1 En het geschiedde daarna, dat Hij reisde van de ene stad en vlek tot de andere, predikende en verkondigende het Evangelie van het Koninkrijk Gods; en de twaalven waren met Hem;
2 En sommige vrouwen, die van boze geesten en krankheden genezen waren, namelijk Maria, genaamd Magdalena, van welke zeven duivelen uitgegaan waren;
3 En Johanna, de huisvrouw van Chusas, den rentmeester van Herodes, en Susanna, en vele anderen, die Hem dienden van haar goederen.
4 Als nu een grote schare bijeenvergaderde, en zij van alle steden tot Hem kwamen, zo zeide Hij door gelijkenis:
5 Een zaaier ging uit, om zijn zaad te zaaien; en als hij zaaide, viel het ene bij den weg, en werd vertreden, en de vogelen des hemels aten dat op.

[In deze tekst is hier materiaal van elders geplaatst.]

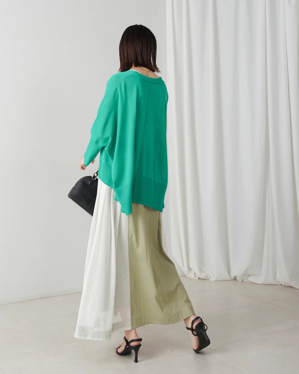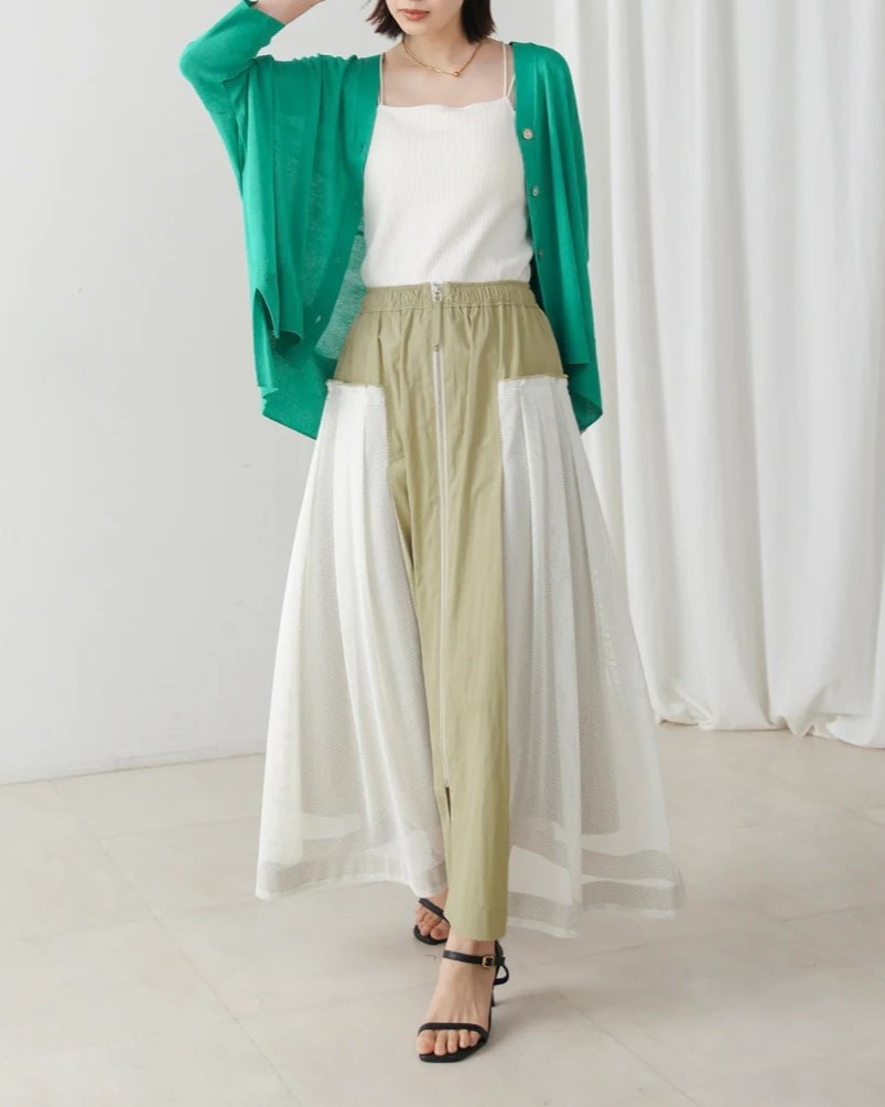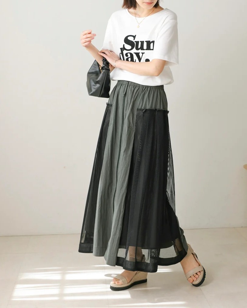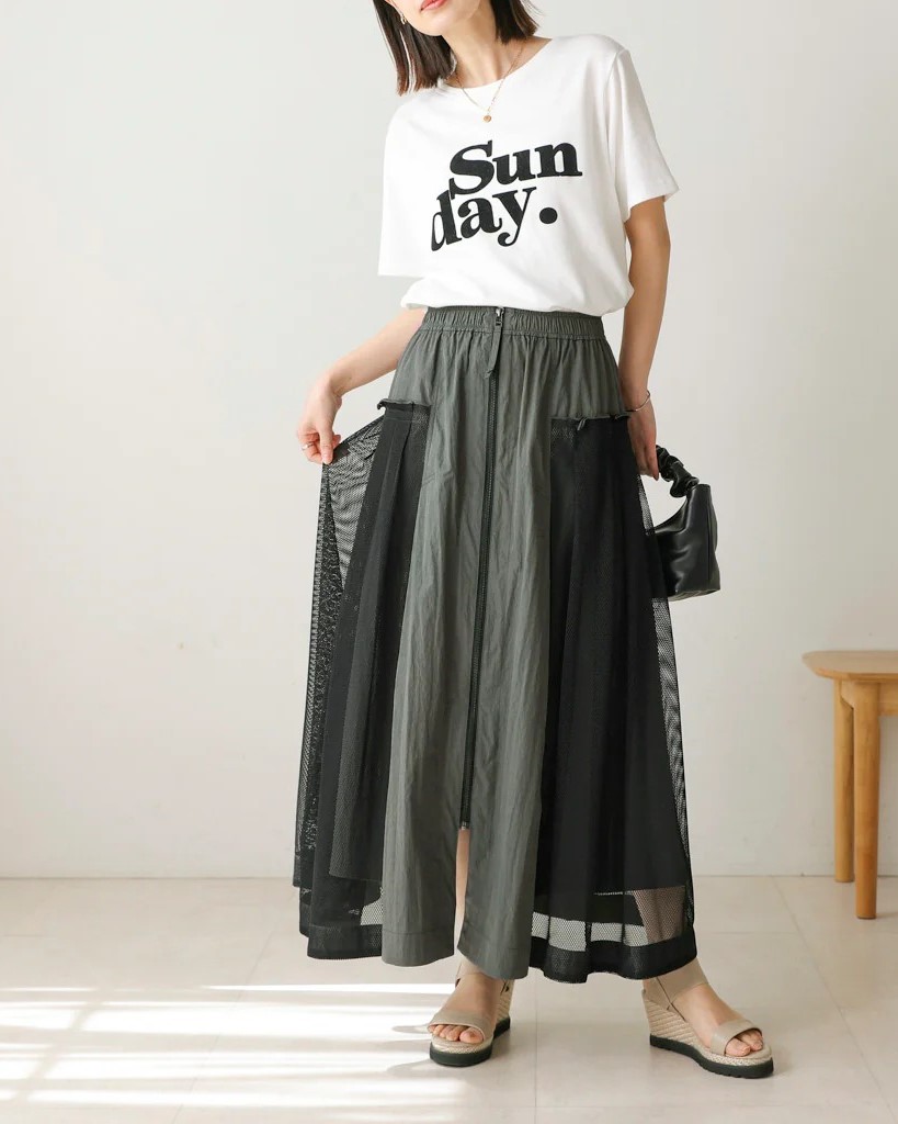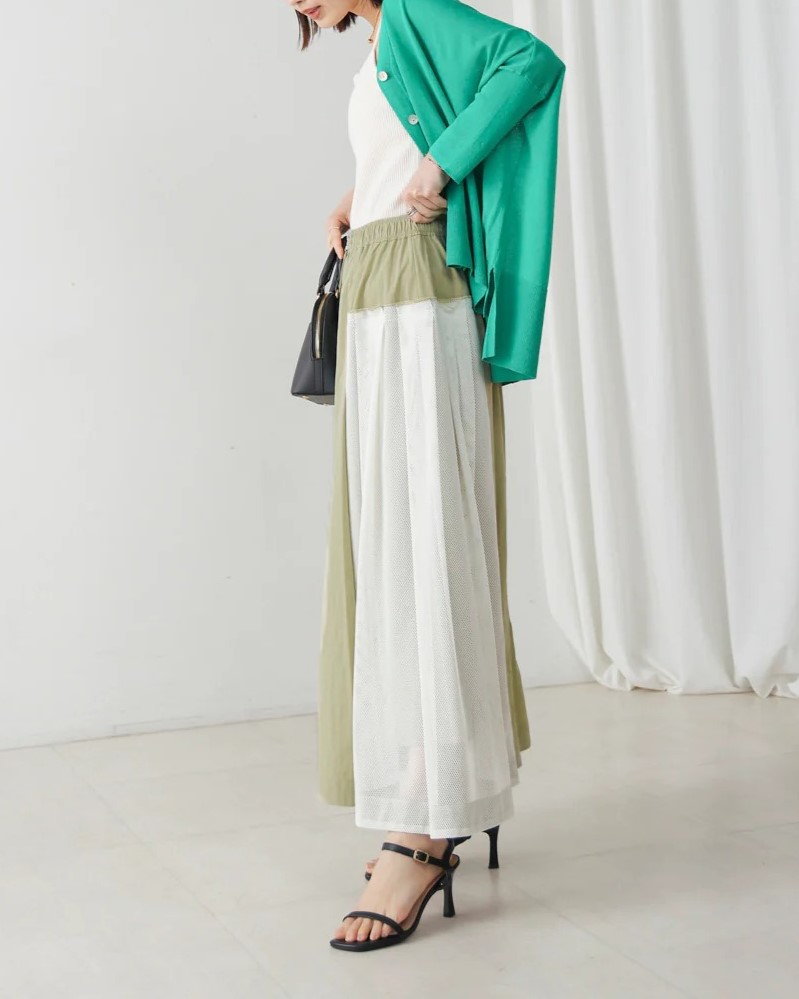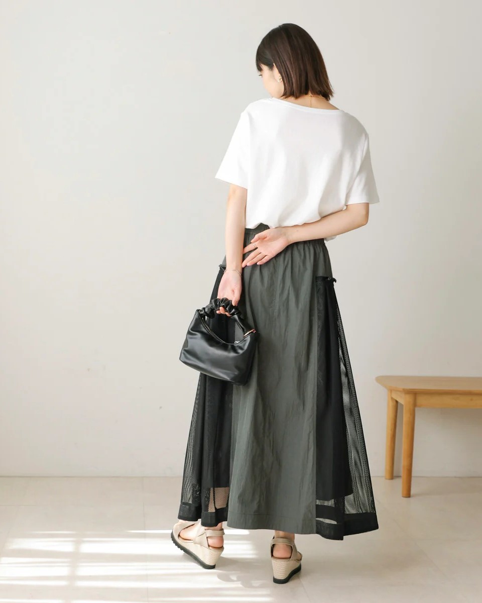 ナイロン×メッシュの異素材コンビで、スポーティブルな要素を取り入れつつ、女性らしさのあるフレアシルエットに仕上げたスカート。

6 En het andere viel op een steenrots, en opgewassen zijnde, is het verdord, omdat het geen vochtigheid had.
7 En het andere viel in het midden van de doornen, en de doornen mede opwassende, verstikten hetzelve.

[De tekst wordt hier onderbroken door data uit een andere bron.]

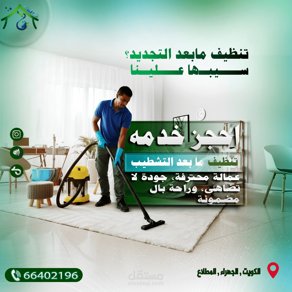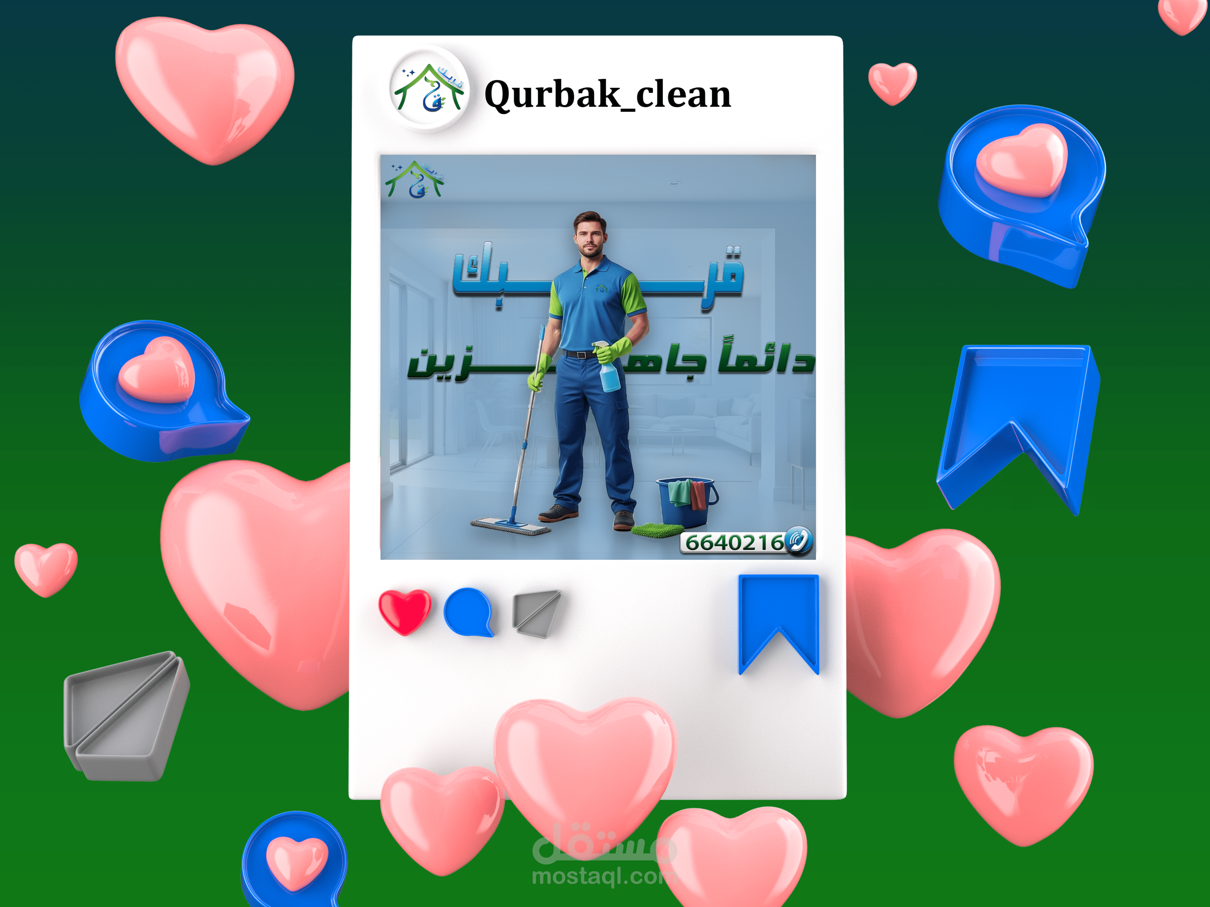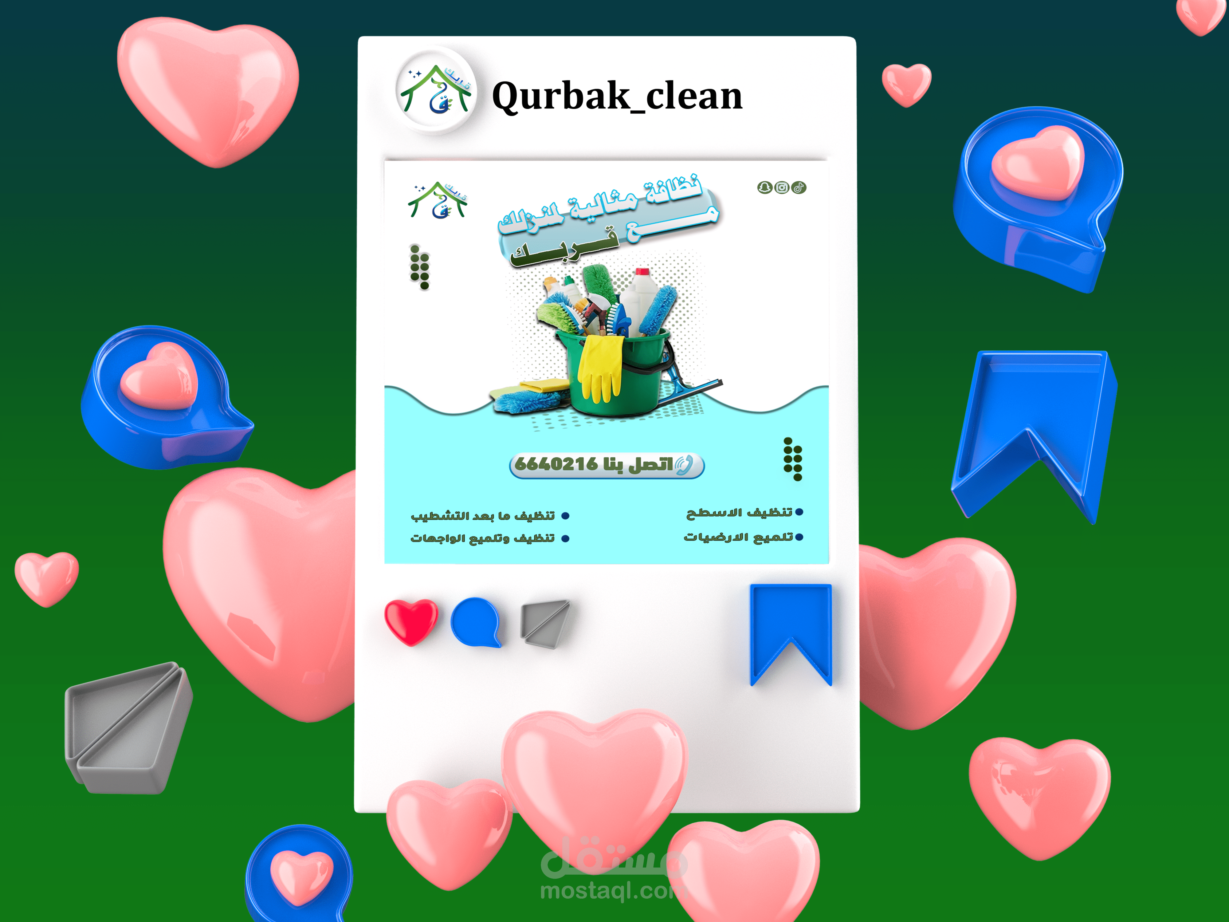 This project involved the creation of a comprehensive suite of social media graphics and content templates for "Qurbak" (meaning "Near You" or "Your Proximity"), a professional cleaning services company based in Al-Mutlaa, Kuwait. The objective was to establish a strong online presence, build brand recognition, and effectively communicate Qurbak's commitment to quality, reliability, and local accessibility within its target market.

8 En het andere viel op de goede aarde, en opgewassen zijnde, bracht het honderdvoudige vrucht voort. Dit zeggende, riep Hij: Wie oren heeft, om te horen, die hore.
9 En Zijn discipelen vraagden Hem, zeggende: Wat mag deze gelijkenis wezen?
10 En Hij zeide: U is het gegeven, de verborgenheden van het Koninkrijk Gods te verstaan; maar tot de anderen spreek Ik in gelijkenissen, opdat zij ziende niet zien, en horende niet verstaan.
11 Dit is nu de gelijkenis: Het zaad is het Woord Gods.
12 En die bij den weg bezaaid worden, zijn dezen, die horen; daarna komt de duivel, en neemt het Woord uit hun hart weg, opdat zij niet zouden geloven, en zalig worden.
13 En die op de steenrots bezaaid worden, zijn dezen, die, wanneer zij het gehoord hebben, het Woord met vreugde ontvangen; en dezen hebben geen wortel, die maar voor een tijd geloven, en in den tijd der verzoeking wijken zij af.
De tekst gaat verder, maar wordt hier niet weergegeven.